The Southern states were opposed to the Civil Rights Act, but in 1865 Congress, exercising its power under Article I, section 5, clause 1 of the Constitution, to "be the Judge of the ... Qualifications of its own Members," had excluded Southerners from Congress, declaring that their states, having rebelled against the Union, could therefore not elect members to Congress. It was this fact—the fact that the Fourteenth Amendment was enacted by a "rump" Congress—that allowed the equal protection clause, which white Southerners almost uniformly hated (would we include Robert E. Lee here?), to be passed by Congress and proposed to the states. Its ratification by the former Confederate states was made a condition of their reacceptance into the Union.[4]  By 1868 28 of 37 states had approved the Amendment and it became part of the Constitution.  In part it read:
No state shall make or enforce any law which shall abridge the privileges or immunities of citizens of the United States;
nor shall any state deprive any person of life, liberty, or property, without due process of law;
nor deny to any person within its jurisdiction the equal protection of the laws. 
        
Archibald Cox, in The Court and the Constitution (a fine one-volume introduction to constitutional law for nonlawyers) called equal protection “the great third clause.”  (p 113)  In October, 2012, a Supreme Court journalist said the most prominent cases of the coming term would probably be equal protection cases.  While the due process clause pointed at keeping citizens in possession of their life, liberty and property unless a lawful process took them away, equal protection was an emphasis on the privileges and protections of all citizens, regardless of color.  All of these phrases have helped Americans of every background breathe more freely.   
By its terms, the clause restrains only state governments. However, the Fifth Amendment's due process guarantee, beginning with Bolling v.

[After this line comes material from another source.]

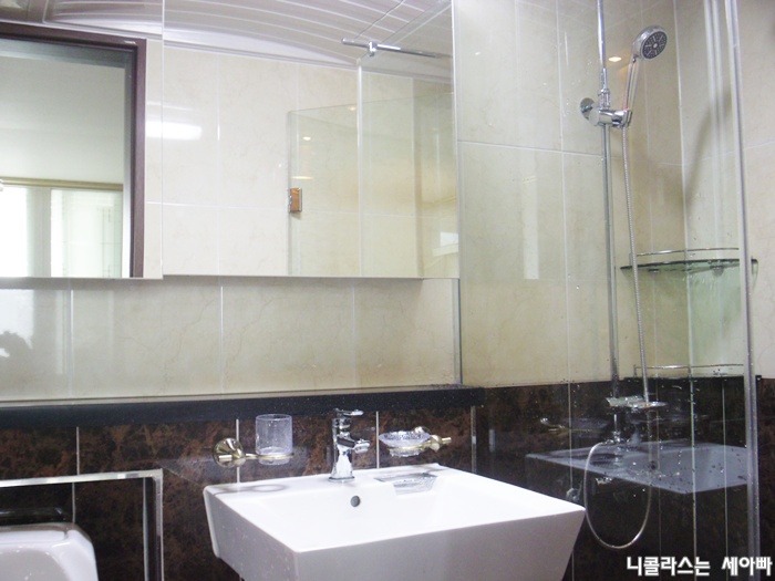 우선 욕실구조가 휠씬 고급스럽고, 반다리형 세면기를 설치할 수 있고,

Sharpe (1954), has been interpreted as imposing some of the same restrictions on the federal government: "Though the Fifth Amendment does not contain an equal protection clause, as does the Fourteenth Amendment which applies only to the States, the concepts of equal protection and due process are not mutually exclusive."[5]  This has the tidy legal name of "reverse selective incorporation."  Maybe someday we'll understand it and explain it here.  
Equal protection under law didn’t reach women until 1971 (though it has hardly reached them fully 41 years later), in the Supreme court decision of Reed v. Reed.[6]  Note this took even longer than allowing interracial marriage, done by 1967’s Griswold v. Connecticut case.